The reply should hold only the lines below beginning at the one with "To celebrate the nation's 250th" and ending at the one with "It can be seen", copied exactly, with every picture left out.

### TASK MATERIAL
──────────────────────────────

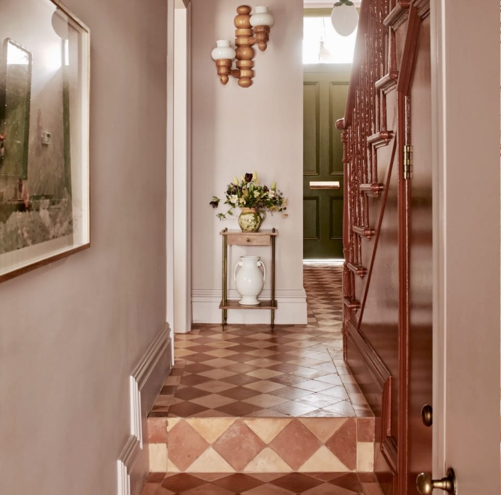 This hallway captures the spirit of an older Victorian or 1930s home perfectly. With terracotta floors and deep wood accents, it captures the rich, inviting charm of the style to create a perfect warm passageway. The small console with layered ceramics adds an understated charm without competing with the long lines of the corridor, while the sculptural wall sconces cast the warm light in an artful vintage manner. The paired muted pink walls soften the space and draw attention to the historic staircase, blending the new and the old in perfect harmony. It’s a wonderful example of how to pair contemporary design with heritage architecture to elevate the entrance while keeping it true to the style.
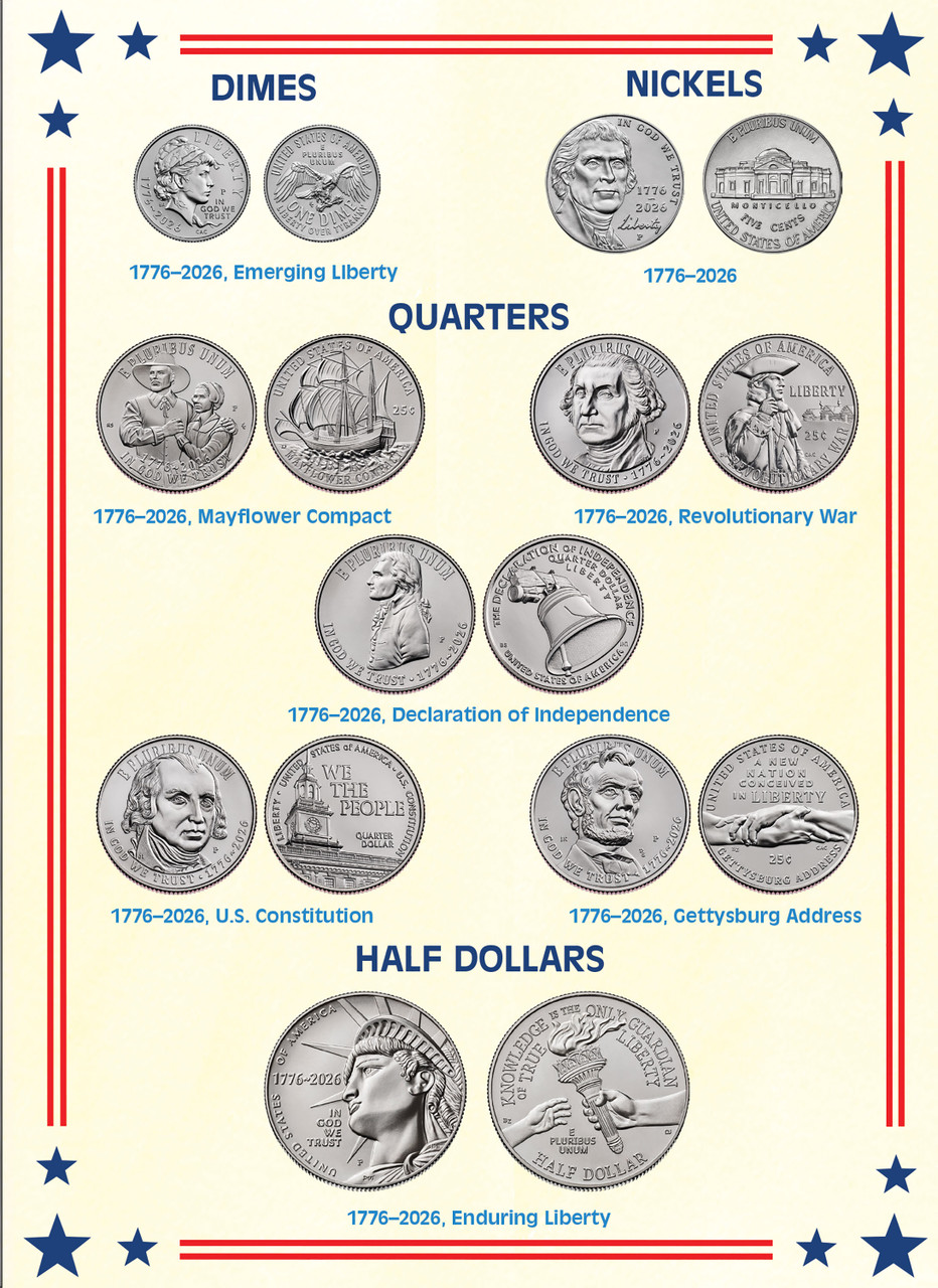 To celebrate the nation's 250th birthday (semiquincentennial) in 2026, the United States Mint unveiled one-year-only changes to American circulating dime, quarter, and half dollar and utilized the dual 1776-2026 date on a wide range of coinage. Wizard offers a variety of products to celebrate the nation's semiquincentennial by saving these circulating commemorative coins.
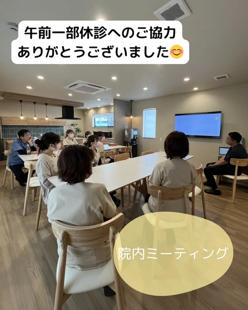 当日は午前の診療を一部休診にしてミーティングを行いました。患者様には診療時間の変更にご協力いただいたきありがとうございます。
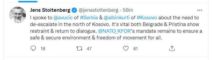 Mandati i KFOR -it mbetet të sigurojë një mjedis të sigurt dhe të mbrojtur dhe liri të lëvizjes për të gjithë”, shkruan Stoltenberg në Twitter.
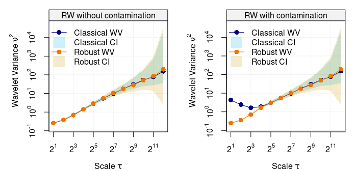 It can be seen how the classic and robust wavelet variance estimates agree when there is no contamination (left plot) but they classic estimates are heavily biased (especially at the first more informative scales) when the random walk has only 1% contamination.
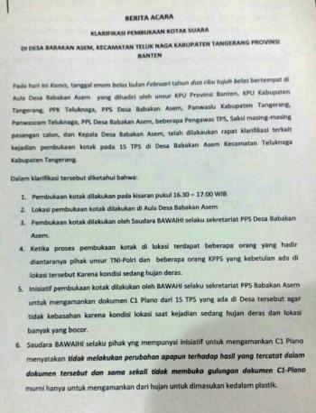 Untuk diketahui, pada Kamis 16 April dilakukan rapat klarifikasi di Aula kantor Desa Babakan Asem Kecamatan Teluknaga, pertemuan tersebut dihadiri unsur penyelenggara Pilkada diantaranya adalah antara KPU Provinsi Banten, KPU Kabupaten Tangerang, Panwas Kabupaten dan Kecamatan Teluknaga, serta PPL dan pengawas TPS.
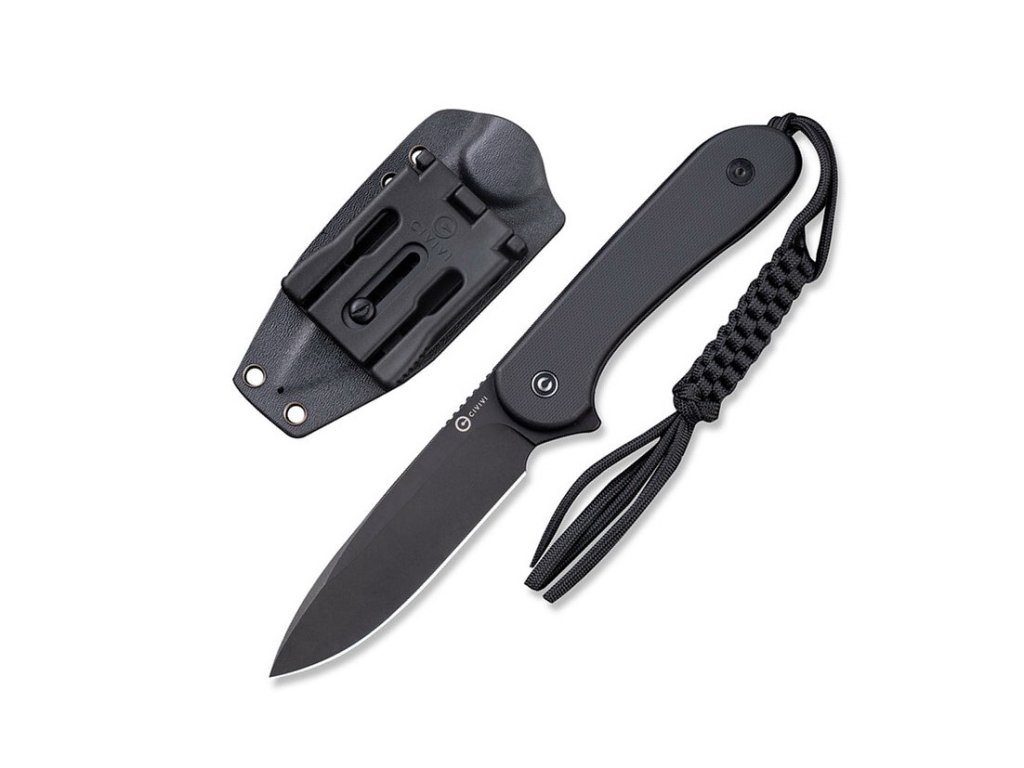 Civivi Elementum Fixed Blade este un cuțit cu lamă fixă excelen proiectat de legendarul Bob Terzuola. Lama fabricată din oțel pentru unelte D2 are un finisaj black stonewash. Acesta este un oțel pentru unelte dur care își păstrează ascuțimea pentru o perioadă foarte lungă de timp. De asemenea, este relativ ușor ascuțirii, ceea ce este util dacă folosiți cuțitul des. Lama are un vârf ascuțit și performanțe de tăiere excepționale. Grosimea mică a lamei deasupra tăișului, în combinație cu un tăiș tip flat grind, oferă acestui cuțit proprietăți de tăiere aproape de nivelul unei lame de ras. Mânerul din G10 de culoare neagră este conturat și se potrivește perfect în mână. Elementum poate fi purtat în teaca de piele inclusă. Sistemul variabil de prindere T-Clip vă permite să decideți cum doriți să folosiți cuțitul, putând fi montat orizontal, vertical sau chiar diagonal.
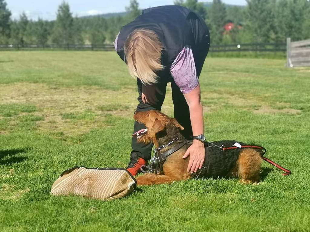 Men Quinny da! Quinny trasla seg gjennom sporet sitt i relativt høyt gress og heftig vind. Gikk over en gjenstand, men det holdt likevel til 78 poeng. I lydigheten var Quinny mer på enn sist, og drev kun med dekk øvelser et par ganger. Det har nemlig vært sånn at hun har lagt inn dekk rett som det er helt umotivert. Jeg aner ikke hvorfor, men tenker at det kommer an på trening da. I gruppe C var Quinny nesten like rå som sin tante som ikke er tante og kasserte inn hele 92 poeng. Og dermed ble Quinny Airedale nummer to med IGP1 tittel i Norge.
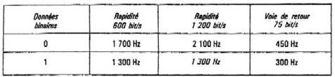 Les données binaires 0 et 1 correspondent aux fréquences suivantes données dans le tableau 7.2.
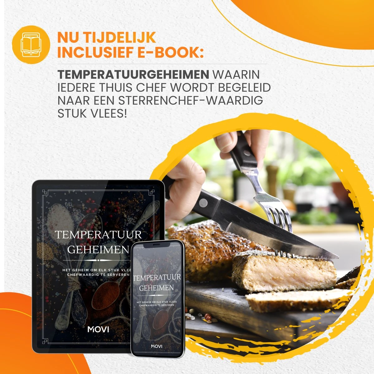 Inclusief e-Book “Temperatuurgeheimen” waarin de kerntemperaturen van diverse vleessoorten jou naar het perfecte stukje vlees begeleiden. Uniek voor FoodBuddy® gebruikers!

──────────────────────────────

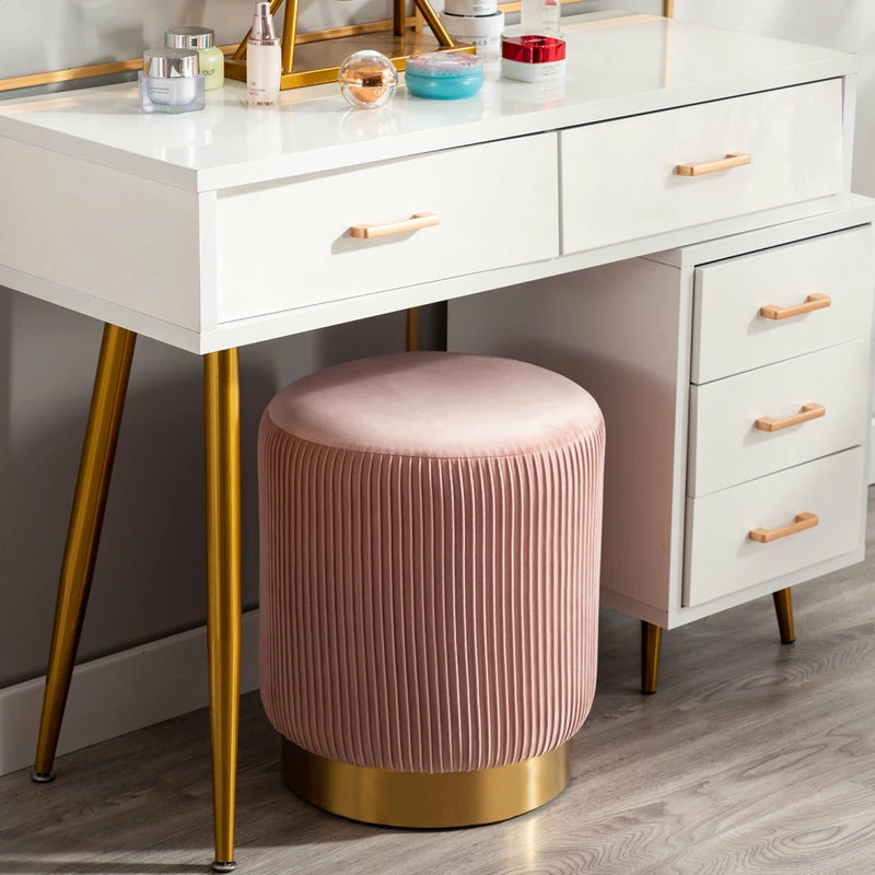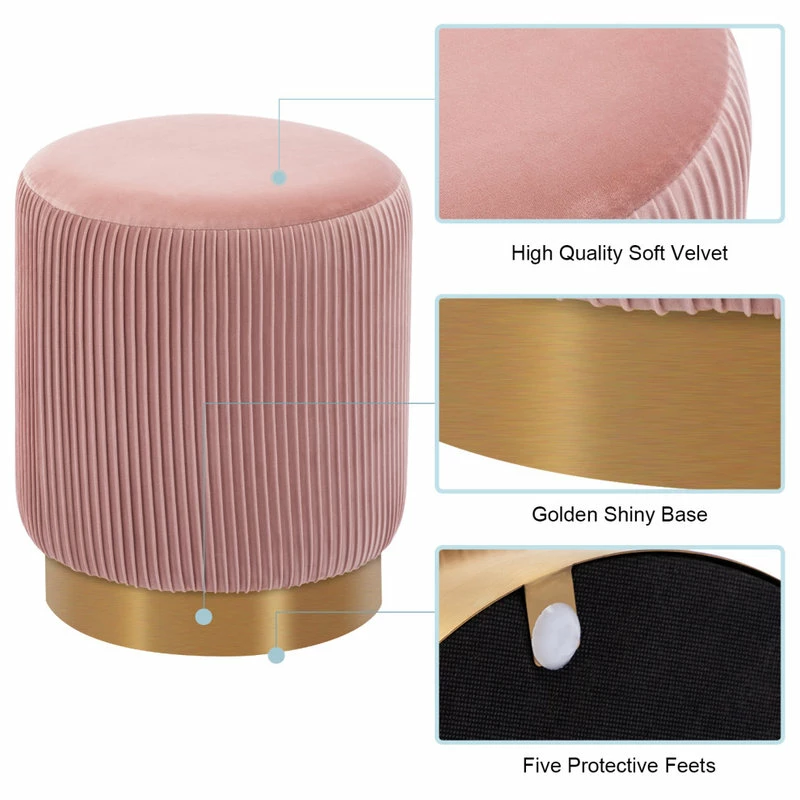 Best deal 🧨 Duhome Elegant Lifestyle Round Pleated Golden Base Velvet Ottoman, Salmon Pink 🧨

──────────────────────────────

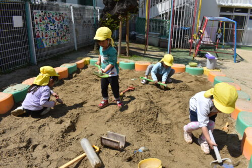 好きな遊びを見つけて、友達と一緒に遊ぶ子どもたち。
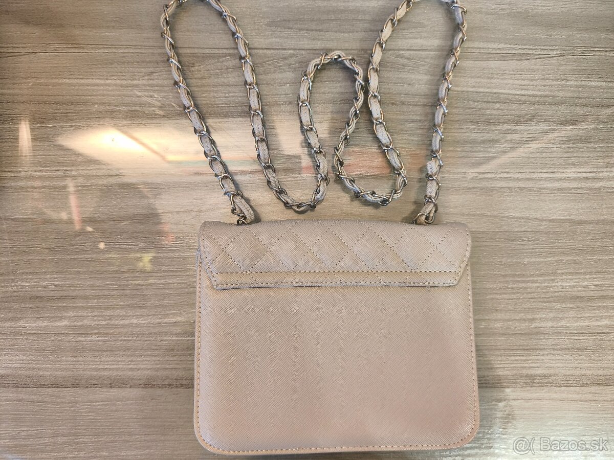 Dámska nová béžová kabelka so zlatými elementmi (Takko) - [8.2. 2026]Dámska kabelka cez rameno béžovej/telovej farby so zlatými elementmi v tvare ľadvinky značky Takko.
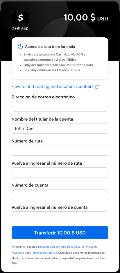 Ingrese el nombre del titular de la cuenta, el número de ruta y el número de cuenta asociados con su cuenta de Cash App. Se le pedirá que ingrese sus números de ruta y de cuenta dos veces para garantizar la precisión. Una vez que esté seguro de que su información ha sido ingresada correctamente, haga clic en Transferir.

──────────────────────────────

### COMPLETED EXERCISE
 To celebrate the nation's 250th birthday (semiquincentennial) in 2026, the United States Mint unveiled one-year-only changes to American circulating dime, quarter, and half dollar and utilized the dual 1776-2026 date on a wide range of coinage. Wizard offers a variety of products to celebrate the nation's semiquincentennial by saving these circulating commemorative coins.
 当日は午前の診療を一部休診にしてミーティングを行いました。患者様には診療時間の変更にご協力いただいたきありがとうございます。
 Mandati i KFOR -it mbetet të sigurojë një mjedis të sigurt dhe të mbrojtur dhe liri të lëvizjes për të gjithë”, shkruan Stoltenberg në Twitter.
 It can be seen how the classic and robust wavelet variance estimates agree when there is no contamination (left plot) but they classic estimates are heavily biased (especially at the first more informative scales) when the random walk has only 1% contamination.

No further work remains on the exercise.